Une autre expérience fut mener en laboratoire, connue sous le nom du «poussin qui aimait un robot»; Le Tychoscope est un générateur numérique aléatoire. On pourrait le décrire comme étant un petit robot qui fut conçu par un physicien allemand. Il est composé d’une source électronique qui génère des chiffres au hasard, gérant ainsi ses déplacements dans l’espace qui l’entoure. Le robot se déplace donc au hasard, en ne suivant aucun tracé. René Peoc’h, docteur en médecine, biologie et anthropologie à décider de mener un test sur ce robot en utiliser des poussins. En les empêchant de voir leurs mère dès la naissance, la « théorie de l’emprunte » va se mettre en place, c’est à dire que le poussin va adopter n’importe quel objet qui bouge ou qui fait du bruit en tant que mère, de façon à avoir un modèle. Il peut s’agir d’humain ou de robots.

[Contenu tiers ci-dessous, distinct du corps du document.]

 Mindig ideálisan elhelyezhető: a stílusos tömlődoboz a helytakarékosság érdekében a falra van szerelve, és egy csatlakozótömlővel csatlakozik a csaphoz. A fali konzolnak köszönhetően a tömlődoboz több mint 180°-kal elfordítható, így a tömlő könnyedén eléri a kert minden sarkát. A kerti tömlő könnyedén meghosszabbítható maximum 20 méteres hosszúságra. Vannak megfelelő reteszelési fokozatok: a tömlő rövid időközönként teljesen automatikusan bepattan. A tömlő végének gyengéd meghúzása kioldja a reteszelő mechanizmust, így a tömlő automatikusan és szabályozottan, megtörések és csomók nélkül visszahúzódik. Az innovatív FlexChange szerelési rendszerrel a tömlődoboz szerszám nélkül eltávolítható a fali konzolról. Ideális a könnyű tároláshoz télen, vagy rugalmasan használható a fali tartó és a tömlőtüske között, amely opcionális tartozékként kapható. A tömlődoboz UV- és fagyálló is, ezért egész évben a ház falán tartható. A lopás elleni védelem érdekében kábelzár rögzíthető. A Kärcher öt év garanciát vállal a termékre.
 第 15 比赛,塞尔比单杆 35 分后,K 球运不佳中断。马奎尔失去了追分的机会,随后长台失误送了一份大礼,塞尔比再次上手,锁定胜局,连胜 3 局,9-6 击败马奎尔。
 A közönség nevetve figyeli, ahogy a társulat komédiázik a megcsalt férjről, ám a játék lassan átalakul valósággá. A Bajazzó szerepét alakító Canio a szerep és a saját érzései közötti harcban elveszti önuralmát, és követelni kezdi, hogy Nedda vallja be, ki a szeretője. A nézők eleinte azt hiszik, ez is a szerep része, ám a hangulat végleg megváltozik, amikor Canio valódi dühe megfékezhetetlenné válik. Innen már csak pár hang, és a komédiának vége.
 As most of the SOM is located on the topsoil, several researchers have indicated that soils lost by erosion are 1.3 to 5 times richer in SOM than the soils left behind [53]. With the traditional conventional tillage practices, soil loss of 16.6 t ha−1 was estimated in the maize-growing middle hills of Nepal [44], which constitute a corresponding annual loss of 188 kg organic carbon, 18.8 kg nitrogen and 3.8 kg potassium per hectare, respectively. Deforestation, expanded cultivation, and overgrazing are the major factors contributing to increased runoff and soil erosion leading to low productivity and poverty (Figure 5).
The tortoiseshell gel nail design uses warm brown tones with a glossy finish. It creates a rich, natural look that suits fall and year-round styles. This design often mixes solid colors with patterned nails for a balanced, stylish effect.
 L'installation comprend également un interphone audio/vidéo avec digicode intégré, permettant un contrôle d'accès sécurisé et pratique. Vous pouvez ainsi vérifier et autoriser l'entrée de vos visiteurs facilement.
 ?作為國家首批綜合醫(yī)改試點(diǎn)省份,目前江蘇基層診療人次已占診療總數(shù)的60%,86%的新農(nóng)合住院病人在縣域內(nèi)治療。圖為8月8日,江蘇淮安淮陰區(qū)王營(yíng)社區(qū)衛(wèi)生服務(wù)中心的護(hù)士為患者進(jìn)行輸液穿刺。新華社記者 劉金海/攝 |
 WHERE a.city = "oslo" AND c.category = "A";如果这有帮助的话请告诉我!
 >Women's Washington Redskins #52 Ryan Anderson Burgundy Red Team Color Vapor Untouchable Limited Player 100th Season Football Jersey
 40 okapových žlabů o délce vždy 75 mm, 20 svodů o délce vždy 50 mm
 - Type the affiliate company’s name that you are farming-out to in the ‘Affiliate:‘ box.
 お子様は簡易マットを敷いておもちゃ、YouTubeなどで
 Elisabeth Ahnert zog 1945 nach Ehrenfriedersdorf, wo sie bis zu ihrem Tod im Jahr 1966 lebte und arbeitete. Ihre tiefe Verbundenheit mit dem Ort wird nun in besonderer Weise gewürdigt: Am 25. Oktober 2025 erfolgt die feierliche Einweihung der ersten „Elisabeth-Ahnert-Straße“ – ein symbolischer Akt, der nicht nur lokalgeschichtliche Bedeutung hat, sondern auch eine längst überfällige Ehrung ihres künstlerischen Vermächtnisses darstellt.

Le docteur Peoc’h va faire passer les poussins une par jour pendant une semaine avec le générateur numérique aléatoire de façon à ce qu’ils l’adoptent comme leurs mère. Les poussins qui voient le robot comme leur mère sont ensuite placés dans une boite en verre à côté de la grande feuille sur laquelle est placé le robot, de façon à ce qu’ils ne puissent pas rejoindre sa mère de substitution. Chaque fois qu’un poussin se retrouvera en état d’alerte à cause de la séparation, on remarquera que le robot à une trajectoire non plus aléatoire, mais défini par l’emplacement de la cage en verre.

b)- Par quel procédé l'esprit peut-il influencer la matière?

Pour que la pensée puisse intervenir dans le monde matériel il faut bien une cause, un lien entre les deux. Il n’y a pas de fumée sans feu, pas plus qu’il n’est possible de causer de vagues dans un lac sans lancer une pierre dedans. Dans tous les cas, il faut un lien logique entre l’effet et la cause. Ce lien pourrait bien être l'Ether, un élément dont l'existence est étudiée sur cette page (voilà pourquoi cette question n'est pas étudiée plus en détail sur cette page).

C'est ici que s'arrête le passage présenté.